• Input:
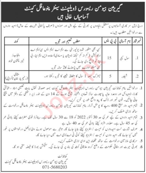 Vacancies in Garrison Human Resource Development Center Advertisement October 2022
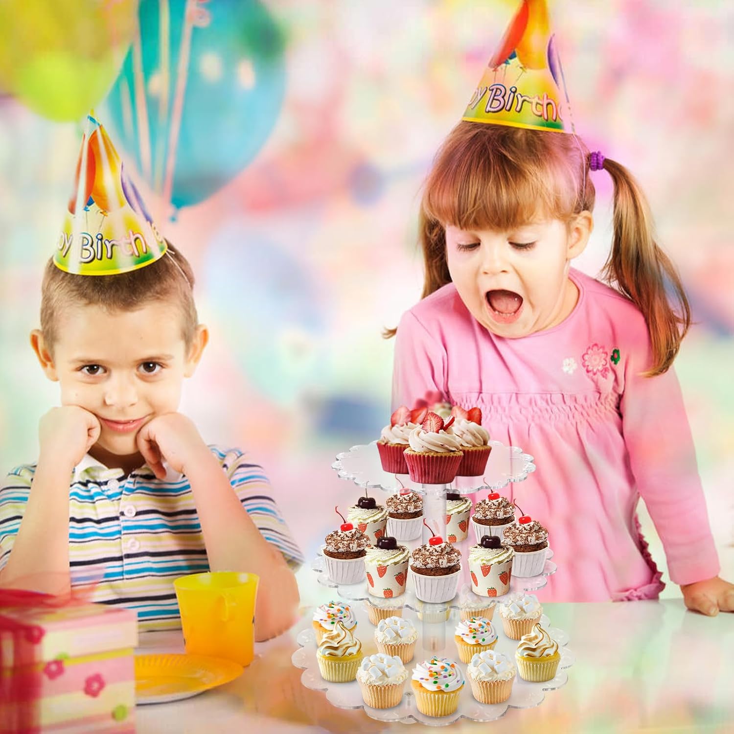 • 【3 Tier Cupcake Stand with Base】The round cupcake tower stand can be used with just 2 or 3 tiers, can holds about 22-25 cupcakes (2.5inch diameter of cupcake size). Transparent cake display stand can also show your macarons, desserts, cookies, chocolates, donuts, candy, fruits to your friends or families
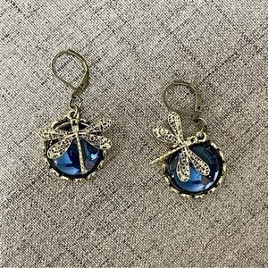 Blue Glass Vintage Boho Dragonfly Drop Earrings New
* * *
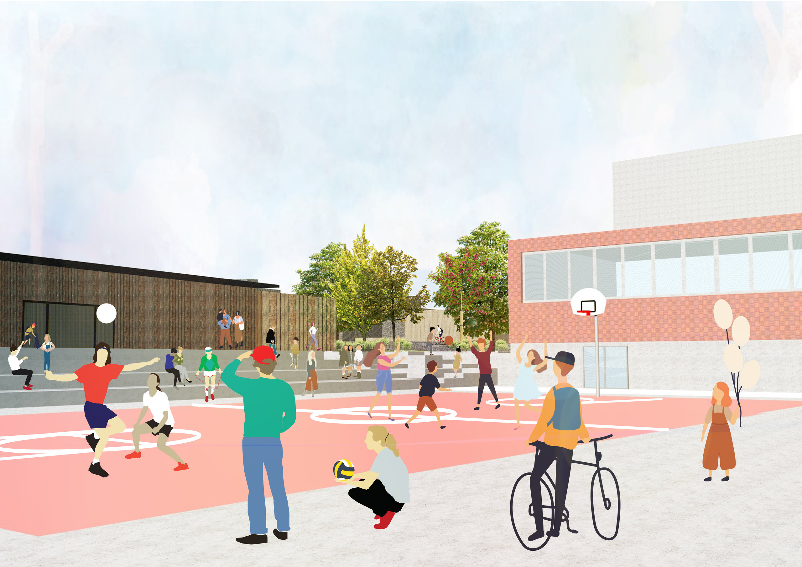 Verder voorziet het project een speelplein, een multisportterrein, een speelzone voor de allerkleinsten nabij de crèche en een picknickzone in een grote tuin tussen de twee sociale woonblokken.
---
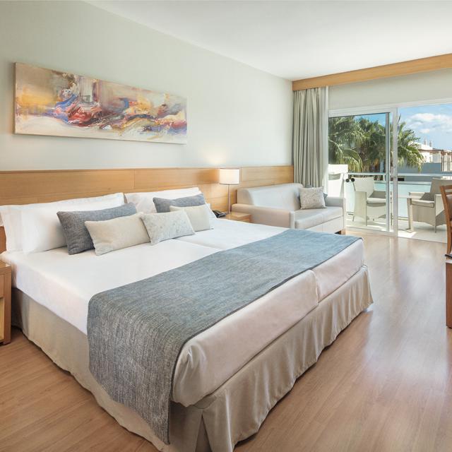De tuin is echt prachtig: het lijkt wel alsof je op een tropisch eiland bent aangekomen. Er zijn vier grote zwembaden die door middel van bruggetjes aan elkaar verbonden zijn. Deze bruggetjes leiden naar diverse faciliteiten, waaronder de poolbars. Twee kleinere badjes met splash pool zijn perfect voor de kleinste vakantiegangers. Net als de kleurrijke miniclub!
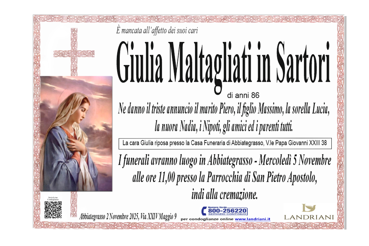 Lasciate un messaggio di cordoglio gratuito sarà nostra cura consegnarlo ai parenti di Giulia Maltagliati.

• The problem:
All that should appear in the answer is the lines above from the line with "De tuin is echt" through the line with "Lasciate un messaggio", retyped exactly, pictures left out.

• Answer area:
De tuin is echt prachtig: het lijkt wel alsof je op een tropisch eiland bent aangekomen. Er zijn vier grote zwembaden die door middel van bruggetjes aan elkaar verbonden zijn. Deze bruggetjes leiden naar diverse faciliteiten, waaronder de poolbars. Twee kleinere badjes met splash pool zijn perfect voor de kleinste vakantiegangers. Net als de kleurrijke miniclub!
 Lasciate un messaggio di cordoglio gratuito sarà nostra cura consegnarlo ai parenti di Giulia Maltagliati.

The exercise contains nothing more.